I listened to a LOT of this cassette back in the late 80s even though at that time I'd never seen a proper Broadway show. It was great revisiting it as I think it has been many decades since I listened from beginning to end. It doesn't impress me today in the same way, but I'm giving it the highest rating regardless for all those years far from any Broadway stage when I dreamed of seeing this show live. An undeniable classic that has definitely left its mark.
A nostalgic record for me. Not that I ever had the record itself but it was the first big musical i saw with my class in probably grade 4 or 5. Back in the days when you still dressed up to go to a show.
My kid is at an arts school (not in MT themselves) and there is constant talk of the big hits. They are so different now than the Andrew Lloyd Weber years. It was nice
To hear this again.
The only Andrew Lloyd Webber work I'd heard in its entirety prior to this was Jesus Christ Superstar. This is pretty cheesy (that aspect peaking at the badly dated synth orchestration in the title song). Also a little heavy on that not--quite-music, half sung/half spoken exposition thing you get in musicals.
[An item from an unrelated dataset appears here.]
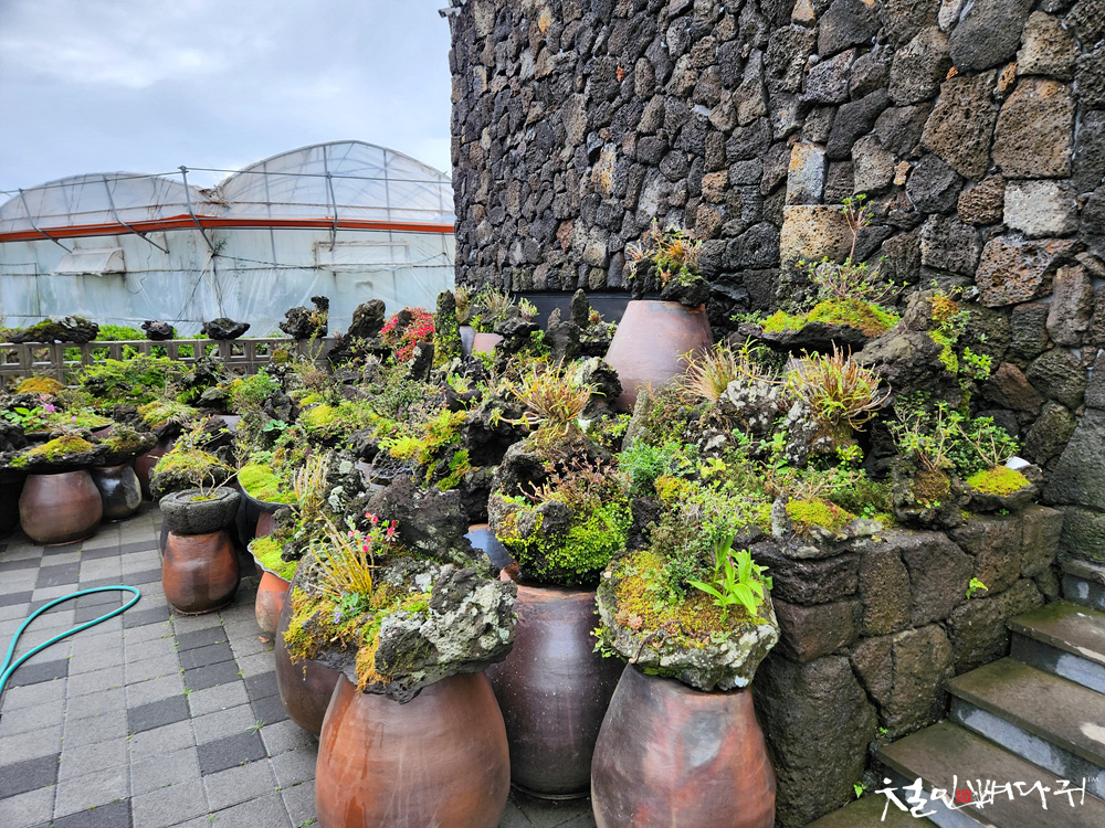 마당의 식물들도 현무암에 살게 했습니다.

Not really my thing, but it held together, I could understand the story pretty well from the songs alone (a basic familiarity with the story helped there), and I did listen through the whole thing.
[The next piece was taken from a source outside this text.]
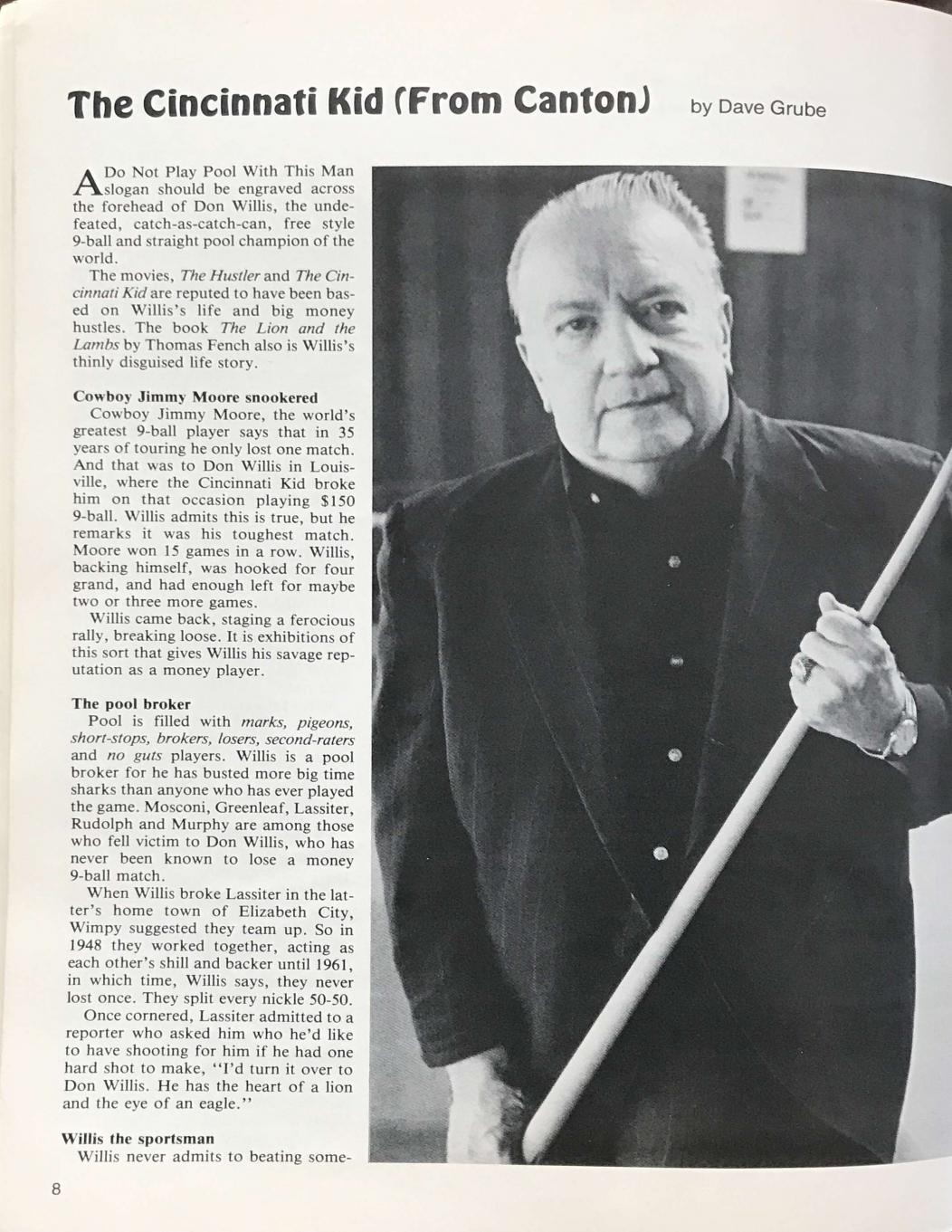 First time I met Don Willis was the summer of 1965 or 1966 as an impressionable youngster of 13 or 14 that had just started hanging around the pool room. Forgive me for not remembering exact dates as it was over fifty years ago.

It’s 2020. My youngest child has just started school and I’ve gone back to work, working from home of course. I need noise to work, but my husband is also working from home so I have to use headphones. Choosing music every day gets really tedious so I start doing the 1001 albums list, but this kills about an hour a day. I start wanting something more narrative but audiobooks aren’t conducive to good concentration. That’s where musicals come in.
Music ✅
Story ✅
I’m in.
I’ve always been a fan of musicals but only the ones I knew (Les Mis, Grease, Cabaret, Chicago etc). I start to expand my horizons and find a rich seam of wonderful options by a variety of artists.
And then there’s Andrew Lloyd Webber. Starlight Express was a masterpiece (don’t get me started on the latest version), Evita and Jesus Christ Superstar I won’t hear a word against.
And there’s Phantom, the musical that people rave about, so I jump in, excited at the prospect of a long album.
What a load of tosh. The story is intriguing but the music is jarring. Other musicals you can listen to and enjoy without the visuals, but I feel Phantom needs the action to make it make sense (see also Cats).
Not a great album to showcase musicals in my opinion.